I gazed into her beautiful face while my thumb rubbed across her lips in a dangerous game of dare that I was probably going to lose. Her sweetness always overpowered my willpower whenever she got too close to me. “That path was buried in an avalanche, sweetheart. That man is gone. What you see before you is the shell that remains.”

She wrapped her fingers around my wrist. “No, I refuse to believe that. Maybe that’s what it feels like to you in here,” she said, tapping my chest, “but I see glimpses of him every time you play with that little girl in there.” She pointed to the bedroom and let her hand drop. “You understand her on a level I don’t, and I’m her aunt. I’m her mother now, but I have to follow your lead sometimes just to know what she needs or wants. Those are the moments I see the Caleb I met when I first started working at Heavenly Lane. I know you feel like you’ll never find that man again, but you will if you let us help you.”

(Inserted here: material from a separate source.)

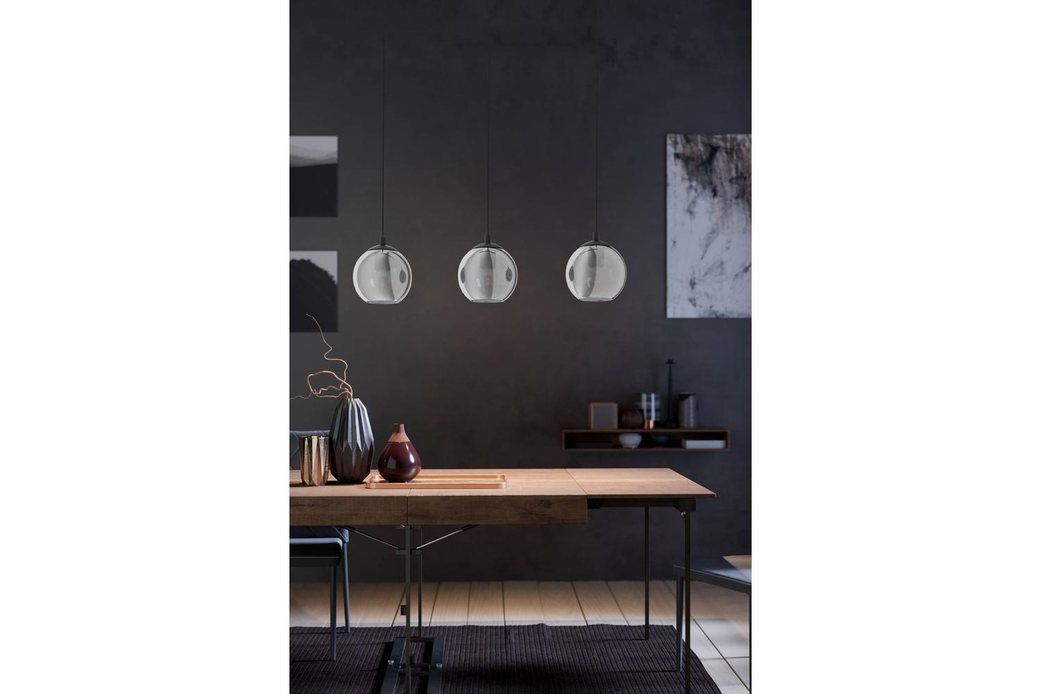 Rocking an elegant transparent black finish, the Ariscani 3-light pendant is a beautifully understated piece. This stunning lighting fixture features three round, smoked glass shades hanging from a long, sophisticated black canopy, promising to add a touch of luxury to any decor.

“I don’t know how to let you help me,” I admitted, my eyes closing against the truth. “I don’t, Cece. I wish I could just tell you what I need, but I don’t know.”

“I do,” she whispered, stroking my cheek with her finger. It was soft and smelled of shea butter and honey. I inhaled her scent and let it settle inside me to soothe the rough spots that I left open after the discussion at the fire. I needed her to soothe those parts of me more than I realized. “You do what you did tonight. You talk about them. You let the love, hatred, pain, joy, anger, and happiness out so we can all absorb a little bit of it for you.”

“Hell, no,” I said, jumping up and stumbling my way to the opposite wall. “No, never again,” I said, shaking my head. “I don’t speak of her, and I never will.”

She stood but didn’t approach me. She was standing there like a sponge, absorbing all the fear, anxiety, and anger rolling off me. I could feel it seeping out, and I glanced at the floor, colors of blue, black, and orange like smoke moving toward her. I wanted to lunge forward and stop them. Grab them up, so they couldn’t reach her and poison her soul too. I couldn’t move. All I could do was stare in fascination at the swirling mist of beautiful colors.

“I didn’t say of her, Caleb. I said them. Malachi, Adam, Isaiah, Naomi, and Miriam. We know their names now. We know you loved them. Share them with us. Tell us who they were and what they meant to you, so we can all love them. We want to love them because you did, but first, we need to know who they were on this earth.”